To effectively reap rich harvest from the new space thus being created, the challenges are also too many. The concerns expressed on biosimilars may also be genuine, but the regulators should take care of those before granting marketing approval to benefit the patients, in a meaningful way.
Overall key drivers and barriers for success with biosimilar drugs would remain almost the same, both for global and local players. However, carving out and thereafter expanding share in this market, sizably, won’t be a piece of cake for any company, understandably.
Quite naturally, the innovator companies for biologics would go all out to retain their turf as much as possible, despite the entry of cheaper biosimilars. This is expected to continue by reinforcing the belief of the physicians and the patients that biosimilars are not quite the same as the original biologic molecules.

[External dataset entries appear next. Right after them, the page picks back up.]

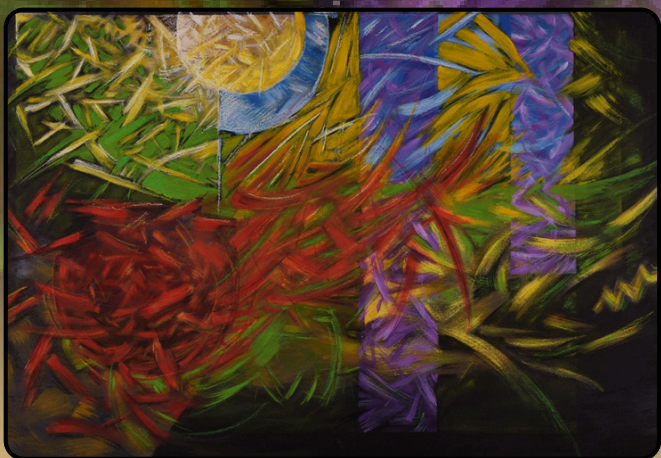
"Ferma x Gaggero", óleo_sobre_bastidor_de_fibrofácil. Gustavo Gaggero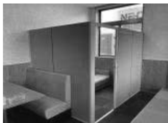
休憩室の中のベッドスペース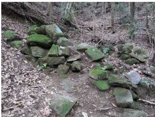
右に炭焼き窯跡を見てジグザグに上って行く。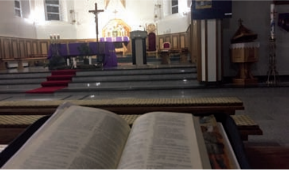
Noc. Pan jest blisko.

W zabieganiu dnia codzienniego nie jest łatwo znaleźć czas na dłuższą chwilę modlitwy. W potoku zdarzeń, obowiązków, zleceń, zaległości, w gorące załatwiania, nadrabiania, kupowania – Ten, który jest źródłem życia, dawcą wszelkiego sensu i ukojeniem, Ten, który „stoi u drzwi i kołaczę”, by Mu otworzyć, jest dziesiątym w kolejności „do załatwienia”. Może czasem nie mamy w „tej sprawie” komfortu, mamy wyrzuty sumienia: że nie tak powinno być. Czujemy, że to, co istotne w życiu, przechodzi jakoś obok.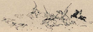
Рисунки Н. Муромова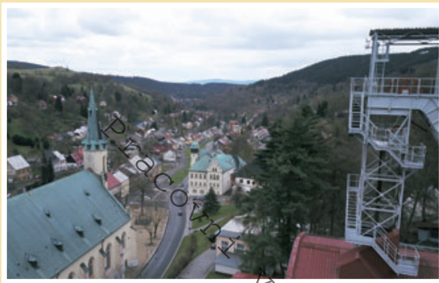
Pohled na Jáchymov (2018).

ve městě se tento počet přiblížil někdejší slávě stříbrného města. Rozdíl spočíval v trochu modernějších těžebních postupech a také v tom, že většina jáchymovských horníků zde po r. 1939 těžila uran a nikoli blyštivý mincovní kov. Šlo často (ale zdaleka ne výlučně) o horníky z donucení, válečné, retribuční, kriminální a politické vězně, kteří obývali zdejší trestanecké lágry pod pohrůžkou zastřelení. Během druhé světové války a zejména krátce po ní se začala psát nechvalně známá kapitola jáchymovského gulagu s až dvanácti trestaneckými pracovními tábory při uranových dolech. Otrocké lágry a polovojenské pásmo bohužel slávu a zajímavost města a okolí na dlouho zastínily a odřízly od už tak hodně pokřiveného vývoje v ostatním pohraničí.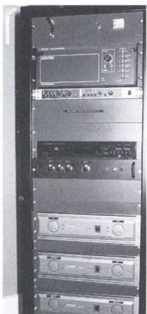
El nou aparell de sonorització

Ens plau oferir una bona notícia que fa referència al nostre cinema, en aquest any en què commemorarem el centenari del cinema. El cinema de Begur ha començat una nova etapa amb la recent instal·lació d'un projecteur de qualitat i l'adequació als nous temps, i també la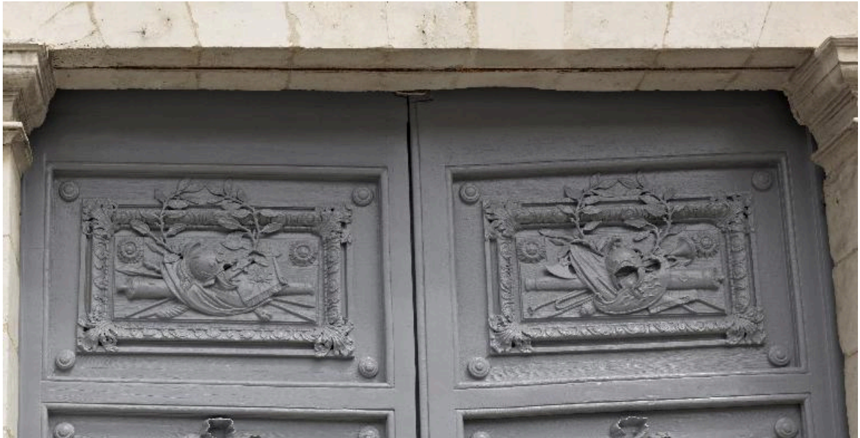
Détail des ornements – casques, carquois, flèches, etc. – de la partie supérieure des vantaux de la porte cochère.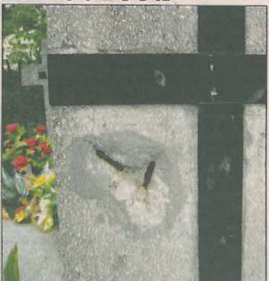
Na wielu grobach widoczne są ślady podważania łomem figurek. Zostały wyrwane razem z mocującymi je śrubami.

Prawdopodobnie i teraz cmentarni złodzieje oberwane figurki i płaskorzeźby z mosiądzu sprzedadzą. Właściciele i pracownicy punktów skupu złomu z pewnością domyślają się, że dostarczany im „złom” pochodzi z kradzieży. W takiej sytuacji powinni odmówić jego przyjęcia i powiadomić policję o podejrzeniu popełnienia przestępstwa. Jeśli tego nie czynią, mogą odpowiadać przed sądem na równi ze złodziejami. (jw)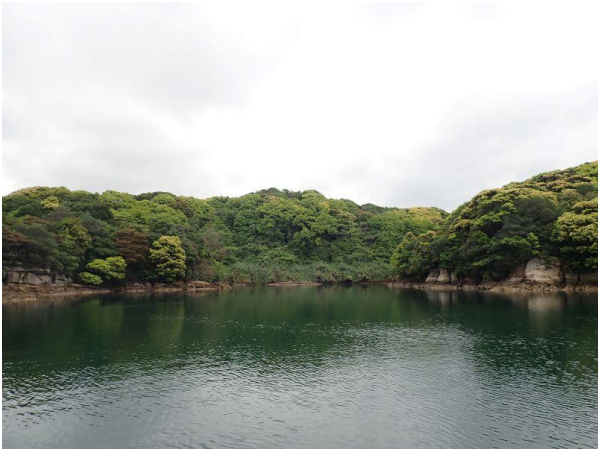
元ノ島 (10 : 02)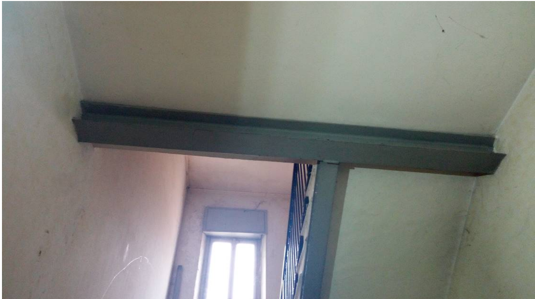
13. Particolare vanno scala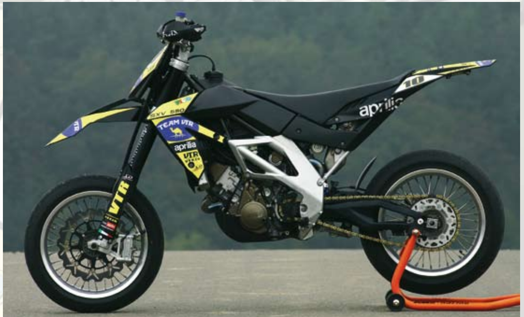
Die VTR Aprilia überzeugt mit feinem Dekorsatz und technischen Modifikationen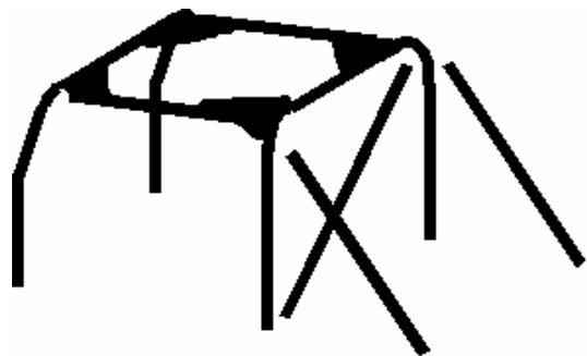
Principe 2 avec les goussets dans les angles

Les commissaires techniques devront vérifier que le pilote et copilote du véhicule, assis dans les sièges, soient protégés par l'arceau en cas de tonneau.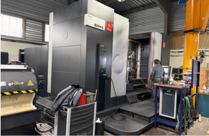
Centre d'usinage vertical 5 axes IBARMIA type ZHV603000 EXTREME d'occasion (6).webp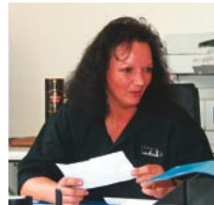
Die Hausmesse war eine gelungene Veranstaltung. Die WK-Crew und ihre Chefin hatten sich dafür alle Mühe gegeben.

Fahrersitz für den Dreisitzer angeboten, hinter dem ein Handschuhfach oder das Radio untergebracht werden kann. Der Rücksitz des Dreisitzers wird jetzt serienmäßig mit Klappvorrichtung geliefert. Das Tanken wird also deutlich bequemer. Innovation zeigt sich auch bei der neuen Rücklichtserie. Als Einzelanfertigung sind künftig Rücklichter aus polierten Aluminiumgehäusen zu haben. Als Einzellichter, Rücklicht, Bremslicht, Blinker oder als Kombination im Dreier-Set. Alle sind mit LEDs ausgestattet. Die Lebensdauer dieser kleinen LEDs liegt bei etwa 56.000 Stunden. Hierzu passend steht dem Kunden eine andere Kotflügelform zur Verfügung. Die neuen Rücklichter können aber auch auf die herkömmlichen Kotflügel mon-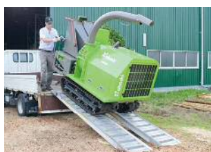
Carica facile su un camion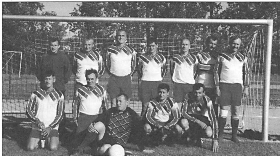
Drużyna oldboyów LKS Milanów

„Orleń” Radzyń Podlaski 3:1, „Orzeł” Łosice 5:3 policja Biała Podlaska 2:1 i ponosząc tylko jedną porażkę z „Pogonią” Siedlce, zajmują III miejsce, za drużynami z Międzyrzecza Podlaskiego i Siedlec, otrzymał pamiątkowy dyplom i Puchar Dyrektora Ośrodka Terapeutycznego w Doldze.

Effective proactive measures need to be initiated, soon, by the regulators and all other stakeholders to spread the right message, protecting the patients’ interest. Otherwise, apprehension of the doctors on biosimilars in general, regarding safety, efficacy, substitution and interchangeability may persist for some time to come, negatively impacting faster and desirable prescription growth of these drugs all over the world, including India.
By: Tapan J. Ray
Disclaimer: The views/opinions expressed in this article are entirely my own, written in my individual and personal capacity. I do not represent any other person or organization for this opinion.